Sturm–Liouville theory - show that the linear operator is self-adjoint.

The goal of this post is to document my derivation that the linear operator for the Sturm Liouville theory is actually self-adjoint

The differential equation is

$\frac{d}{dx}(p(x) \frac{d}{dx}y) + (\lambda w(x) + q(x))y = 0$

Rearranging, we can write this as an eigenvalue problem as follow:

$\frac{d}{dx}(p \frac{d}{dx}y) + qy = -\lambda w y$

$\frac{1}{w}(\frac{d}{dx}(p \frac{d}{dx}y) + qy) = -\lambda y$

Define the operator $L = \frac{1}{w}(\frac{d}{dx}(p \frac{d}{dx}) + q)$, it is trivial to verify the operator is linear.

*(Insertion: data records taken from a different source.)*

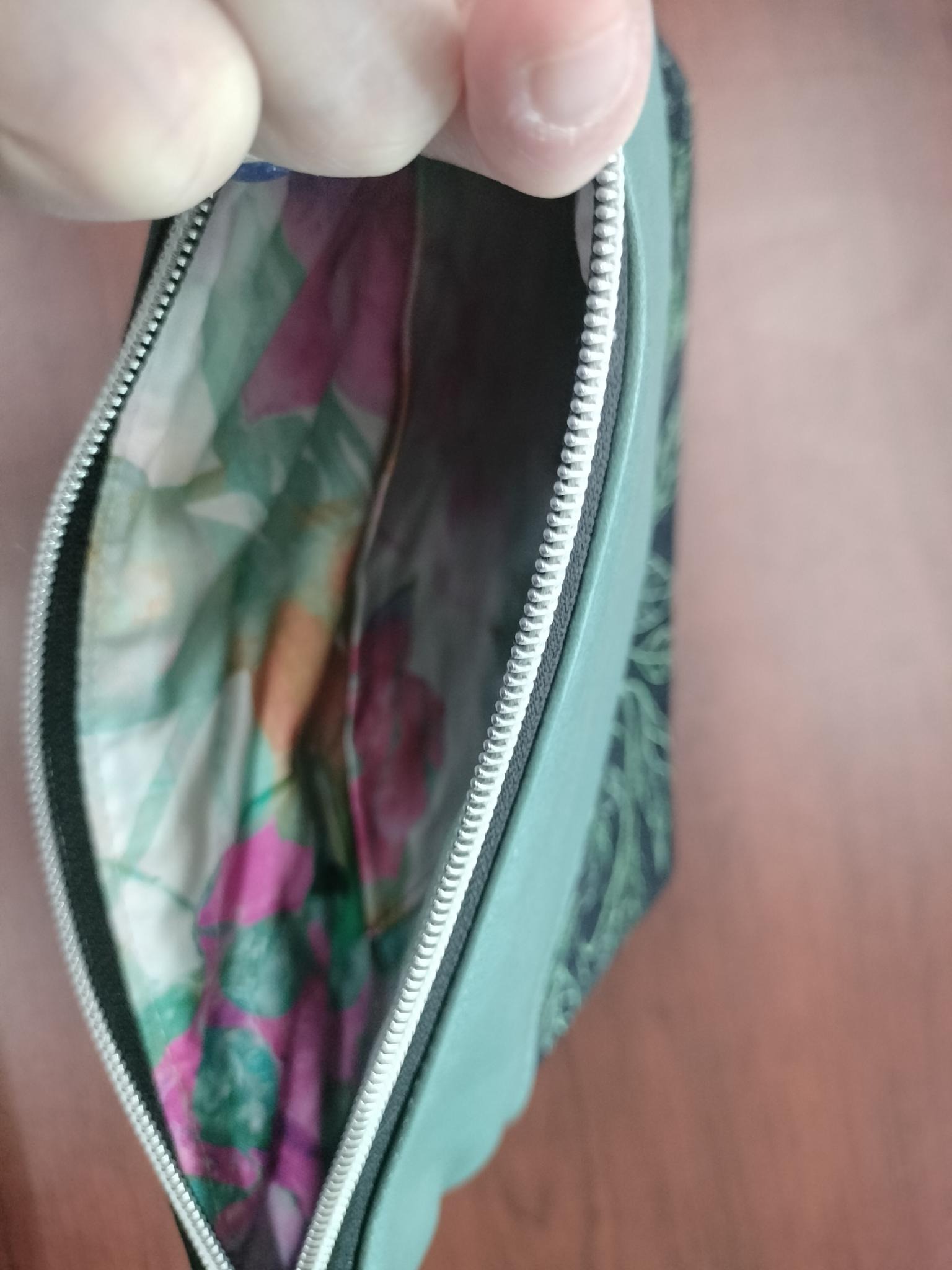 This bag measures 10.5″ wide x 9.5″ tall. It has a zipper opening, is fully lined and has a pocket in the lining as well.I hope you enjoy this interesting clutch bag!
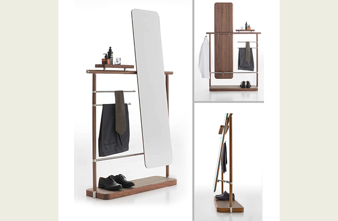 Стойка камердинера с антропоморфным названием Ben создана дизайнером Джузеппе Бавузо. Прочная конструкция сделана из трубчатого алюминия, штанги для одежды – из сатинированной стали. В отделке использован орех каналетто, кожа и мрамор. Стойка дополнена поворотным зеркалом с крючком и аккуратным ящичком для небольших предметов.
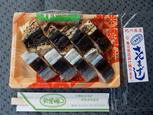 …紀伊長島の駅前にある「さんま寿司」のお店が開いてたんです。

Consider the function space with inner product defined as $<a, b> = \int a b w dx$, we wanted to verify the operator $L$ is self-adjoint in this space, in other words, $<As, t> = <s, At>$.

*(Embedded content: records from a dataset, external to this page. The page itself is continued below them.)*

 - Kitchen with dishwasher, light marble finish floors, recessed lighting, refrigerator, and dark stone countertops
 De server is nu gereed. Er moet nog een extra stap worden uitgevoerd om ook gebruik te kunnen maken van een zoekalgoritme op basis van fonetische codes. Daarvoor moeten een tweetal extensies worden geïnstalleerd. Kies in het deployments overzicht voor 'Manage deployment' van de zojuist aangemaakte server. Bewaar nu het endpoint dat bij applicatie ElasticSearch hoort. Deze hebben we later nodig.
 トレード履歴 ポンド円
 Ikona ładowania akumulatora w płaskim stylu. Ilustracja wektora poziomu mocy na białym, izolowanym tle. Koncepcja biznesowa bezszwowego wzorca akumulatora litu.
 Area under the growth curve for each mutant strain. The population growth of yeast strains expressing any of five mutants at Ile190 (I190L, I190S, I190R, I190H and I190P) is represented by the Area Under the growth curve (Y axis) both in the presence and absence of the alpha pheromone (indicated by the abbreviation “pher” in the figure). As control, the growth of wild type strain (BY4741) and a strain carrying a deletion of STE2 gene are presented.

$\begin{eqnarray*} <As, t> &=& \int \frac{1}{w}(\frac{d}{dx}(p \frac{d}{dx}s) + qs) t w dx \\ &=& \int (\frac{d}{dx}(p \frac{d}{dx}s) + qs) t dx \\ &=& \int \frac{d}{dx}(p \frac{d}{dx}s)t dx + \int qst dx \end{eqnarray*}$.

Similarly we can write the other side as

$\begin{eqnarray*} <s, At> &=& \int \frac{1}{w}(\frac{d}{dx}(p \frac{d}{dx}t) + qt) s w dx \\ &=& \int (\frac{d}{dx}(p \frac{d}{dx}t) + qt) s dx \\ &=& \int \frac{d}{dx}(p \frac{d}{dx}t)s dx + \int qts dx \end{eqnarray*}$.

So all we needed to prove is $\int (ps')'t dx = \int (pt')'s dx$, we do that using integration by part:

$\begin{eqnarray*} & & \int (ps')'t dx \\ &=& \int t d(ps') dx \\ &=& ps't - \int ps' dt \\ &=& ps't - \int ps't' dx \\ &=& ps't - \int pt' ds \\ &=& ps't -pt's + \int s d(pt') \\ &=& ps't -pt's + \int (pt')' s dx \\ \end{eqnarray*}$.

So we need to show $ps't - pt's = 0$. This should come from the boundary conditions, which is not specified here. The boundary of a Sturm Liouville problem should satisfy this. For example, $p(x) = 0$ for the Legendre's problem at the boundary.